Eks Legal Manager PT Duta Palma Group Ditangkap

Eks Legal Manager PT Duta Palma Group, Suheri Terta akhirnya ditangkap. Suheri terta merupakan salah satu tersangka dalam kasus suap terkait pengajuan revisi alih fungsi hutan di provinsi riau tahun 2014. Berikut laporan kontributor Surabaya Pagi Jaka Sutrisna di Jakarta,

Komisi Pemberantasan Korupsi (KPK) menahan eks Legal Manager PT Duta Palma Group, Suheri Terta. Penahanan usai Lembaga Antirasuah menetapkan Suheri sebagai tersangka kasus dugaan korupsi alih fungsi hutan di Provinsi Riau 2014 pada Kementerian Kehutanan.

"Setelah dilakukan serangkaian penyidikan, penyidik KPK melakukan penahanan Rutan pada tersangka STR (Suheri Terta)," kata pelaksana tugas (Plt) juru bicara KPK Ali Fikri di Jakarta, Minggu, 5 April 2020.

Suheri ditahan selama 20 hari ke depan terhitung sejak Minggu, 5 April 2020 hingga 24 April 2020. Dia ditahan di Rumah Tahanan (Rutan) cabang KPK di Gedung KPK Kavling C1, Jakarta Selatan.

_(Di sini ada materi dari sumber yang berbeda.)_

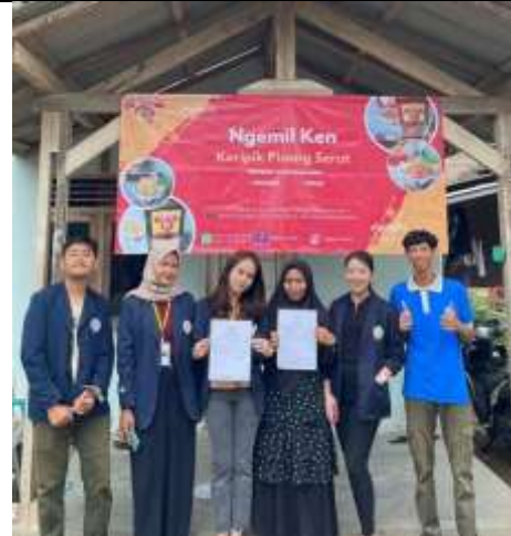
Pemasangan Banner UMKM
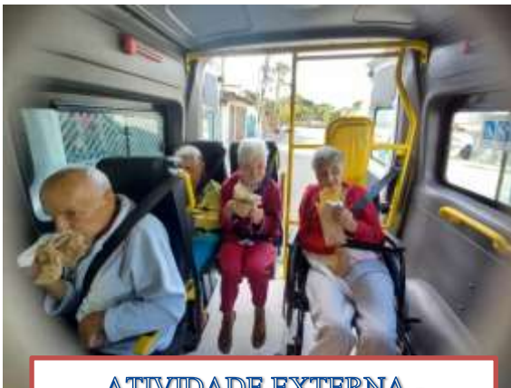
ATIVIDADE EXTERNA - PASTEL
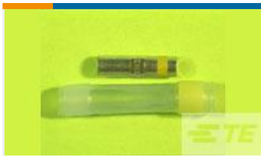
TE 产品编号 650075-000 D-436-37
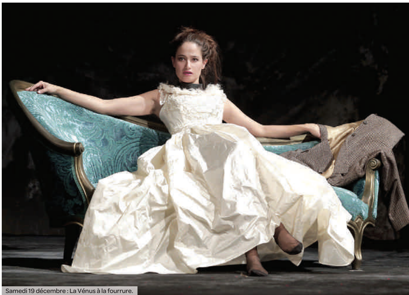
Samedi 19 décembre : La Vénus à la fourrure.
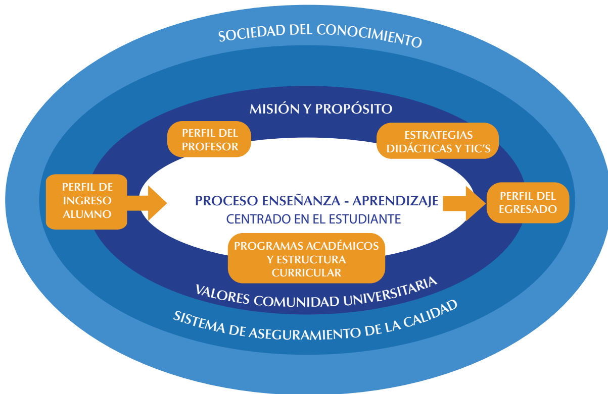
Figura 1. Componentes del Modelo Educativo Institucional (2011)
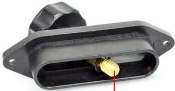
1/4 threaded interface
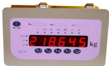
Indicador de peso DW-PT/P
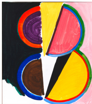
Originating 2023 Olie op doek 45 x 40 cm
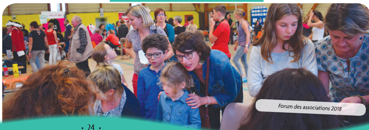
Forum des associations 2018
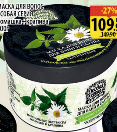
МАСКА ДЛЯ ВОЛОС ОСОБАЯ СЕРИЯ Ромашка+крапива 500г
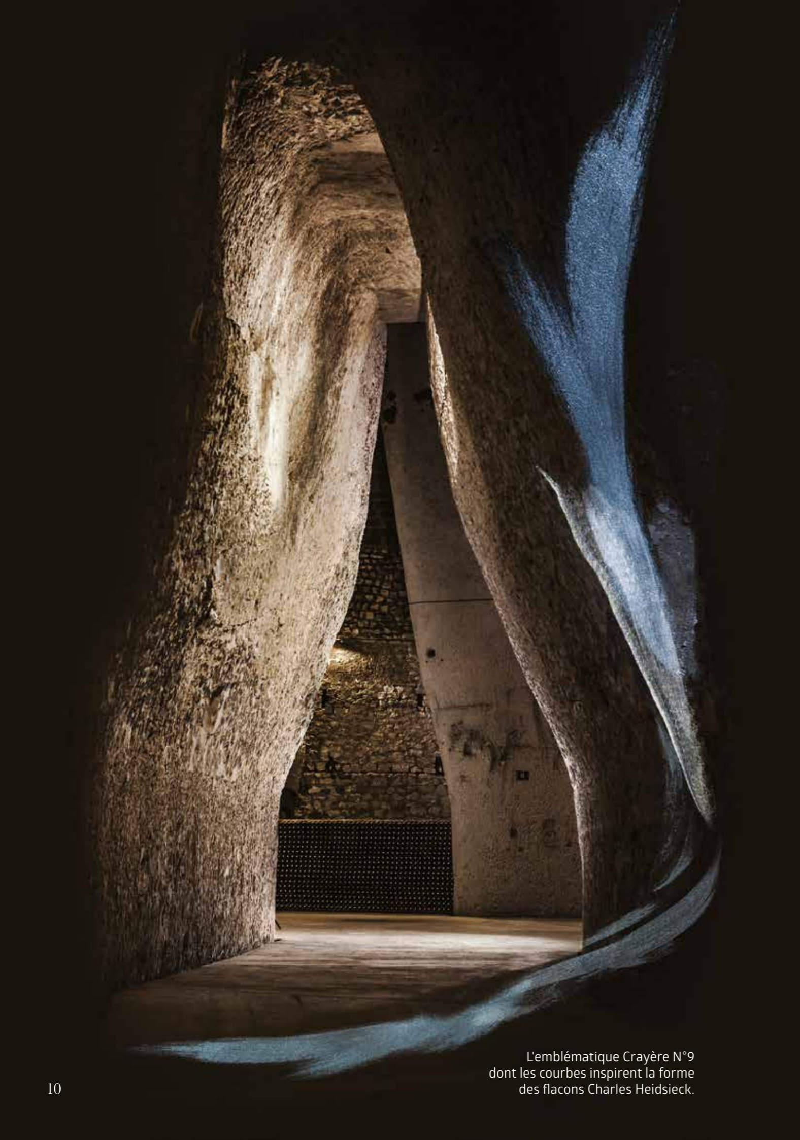
L'emblématique Crayère N°9 dont les courbes inspirent la forme des flacons Charles Heidsieck.
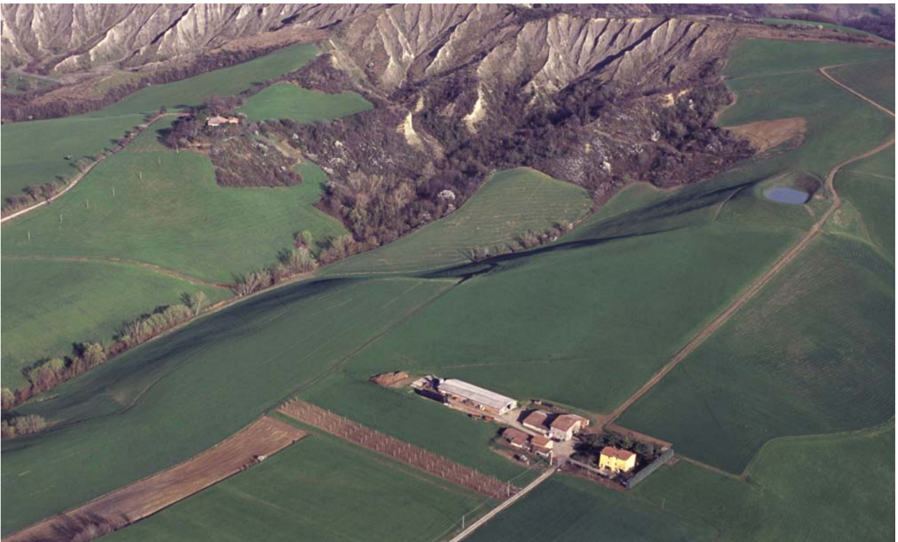
7.23 Località Farneto Nuovo in prossimità di S. Martino Pedriolo in sinistra torrente Sillaro.
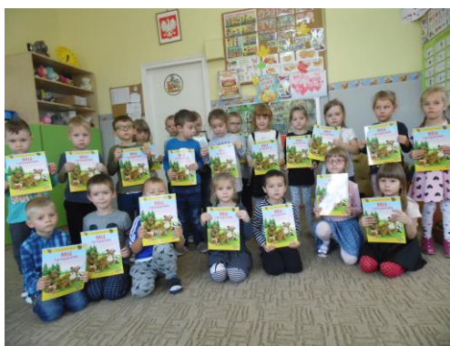
Lis duży czy mały? – działanie dzieci na kartach pracy
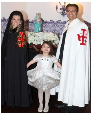
A princesa que invadiu a festa do casal
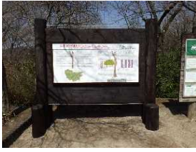
① 高尾山の森林とは
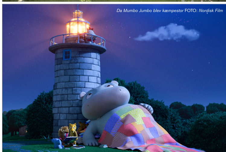
Da Mumbo Jumbo blev kæmpestor
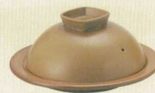
フタ 薄茶 × 陶板 薄茶陶板丸
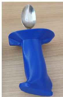
◀ Cuillère ergonomique

Certaines aides-techniques nécessitent un moulage pour une meilleure utilisation ou un meilleur maintien. Grâce au scanner 3D, nous pouvons réaliser un moulage virtuel puis modéliser des aides-techniques confortables, ultralégères et très fonctionnelles.
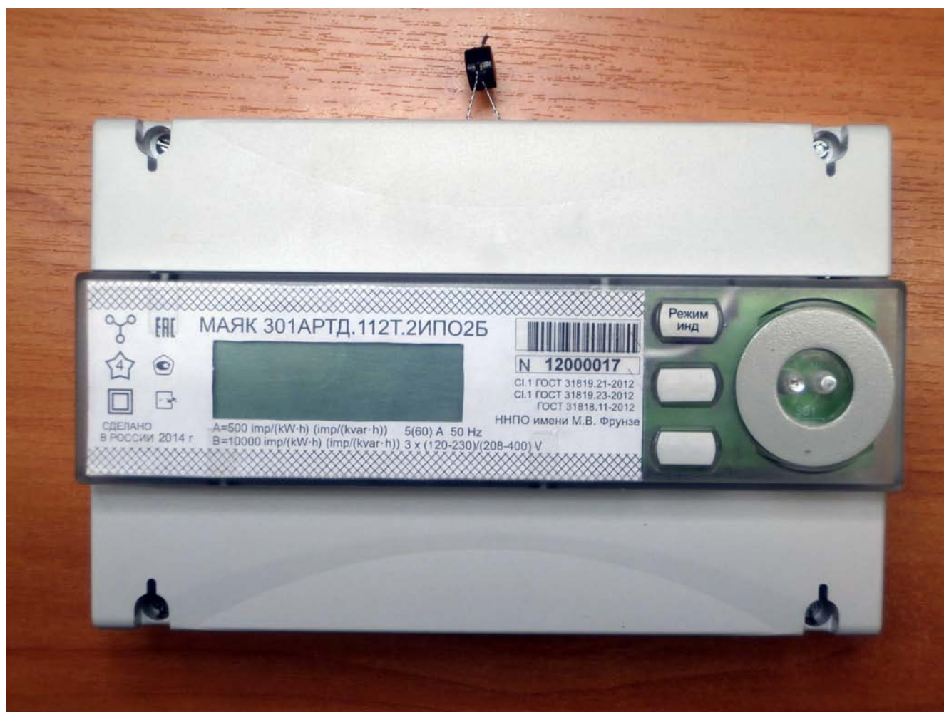
Рисунок 1 – Внешний вид счетчика с закрытыми крышками

Внешний вид счетчика МАЯК 301АРТД с закрытыми крышками приведен на рисунке 1.
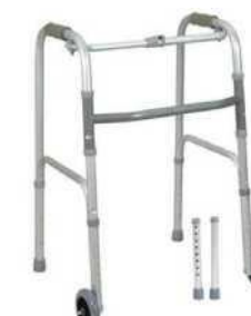
Ходунки алюминиевые складные – 3 функции Модель: AR-008

Изготовитель: ARMEDICAL S.C. Ул. Розьдзеньского 19, 41-303 Домброва-Гурница, Польша ul. Rożdżeńskiego 19, 41-303 Dąbrowa Górnicza, Poland тел. факс: +48 32 261 71 36, +48 32 268 63 05 www.armedical.pl , e-mail: biuro@armedical.pl
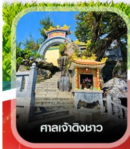
ศาลเจ้าดิ้งเซา
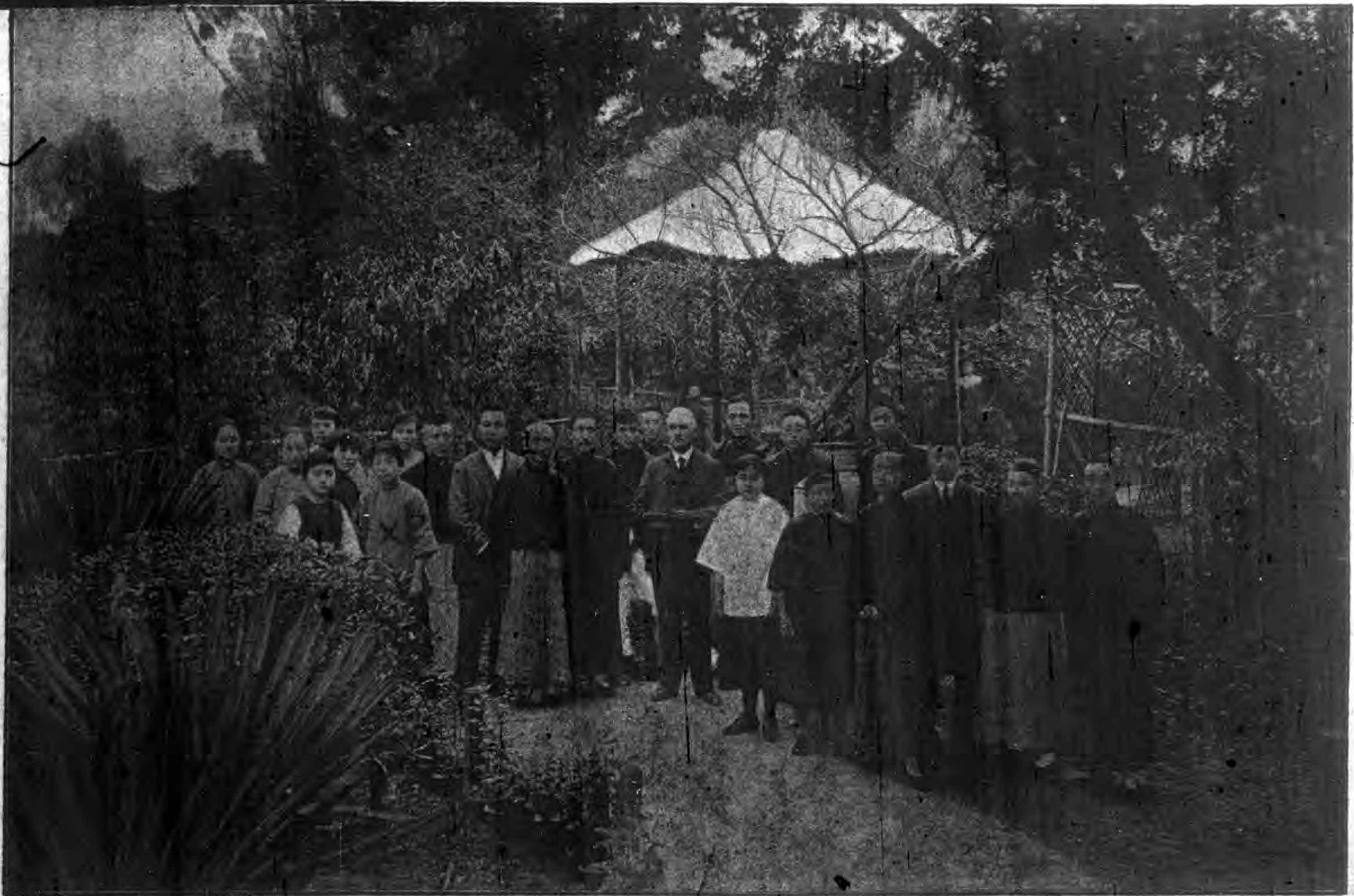
士女雲慧毛之故身水落爲者記爲×有上衣
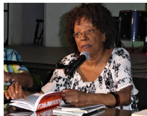
Nancy Morejón Hernández
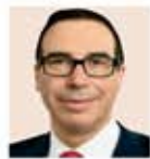
Steven Mnuchin Secretario del Tesoro

"Berita acara penahanan telah ditandatangani oleh tersangka di KPK pada Jumat, 3 April 2020," ungkap Ali.

Ali menambahkan, Suheri telah menjalani hukuman penjara selama satu tahun di Rutan Pekanbaru. Dia terjerat kasus kebakaran hutan dan lahan di Kabupaten Pelalawan. Hukumannya berakhir pada 5 April 2020.

Suheri juga sempat menjadi buron kejaksaan selama empat tahun sejak 2015 dan akhirnya dieksekusi oleh kejaksaan negeri pelalawan pada 2019.

"Sejak Februari 2020 atas izin dari Direktorat Jenderal Permasyarakatan (Ditjen PAS), penahanan dipindahkan ke rutan KPK untuk memudahkan proses penyidikan dugaan tindak pidana korupsi oleh KPK," ucap Ali.

Suheri Terta ditetapkan sebagai tersangka bersama pemilik PT Darmex Group atau PT Duta Palma, Surya Darmadi. Kasus ini merupakan pengembangan dari hasil operasi tangkap tangan (OTT) di 2014.

Dalam OTT tersebut, KPK menetapkan Gubernur Riau 2014-2019 Annas Maamun dan Ketua Asosiasi Petani Kelapa Sawit Indonesia (Apkasindo) Gulat Medali Emas Manurung sebagai tersangka. Tersangka Surya Darmadi diduga merupakan beneficial owner sebuah korporasi. Pertanggungjawaban pidana juga dikenakan pada korporasi.

PT Palma Satu disangkakan melanggar Pasal 5 Ayat (1) huruf a atau Pasal 5 Ayat (1) huruf b atau Pasal 13 Undang-Undang Nomor 31 Tahun 1999 sebagaimana diubah dengan Undang-Undang Nomor 20 tahun 2001 tentang Pemberantasan Tipikor.

Sementara, Surya Darmadi dijerat Pasal 5 Ayat (1) huruf a atau Pasal 5 Ayat (1) huruf b atau Pasal 13 Undang-Undang Nomor 31 Tahun 1999 sebagaimana diubah dengan Undang-Undang Nomor 20 Tahun 2001 tentang Pemberantasan Tipikor Juncto Pasal 55 Ayat (1) ke-1 KUHP Juncto Pasal 56 KUHP.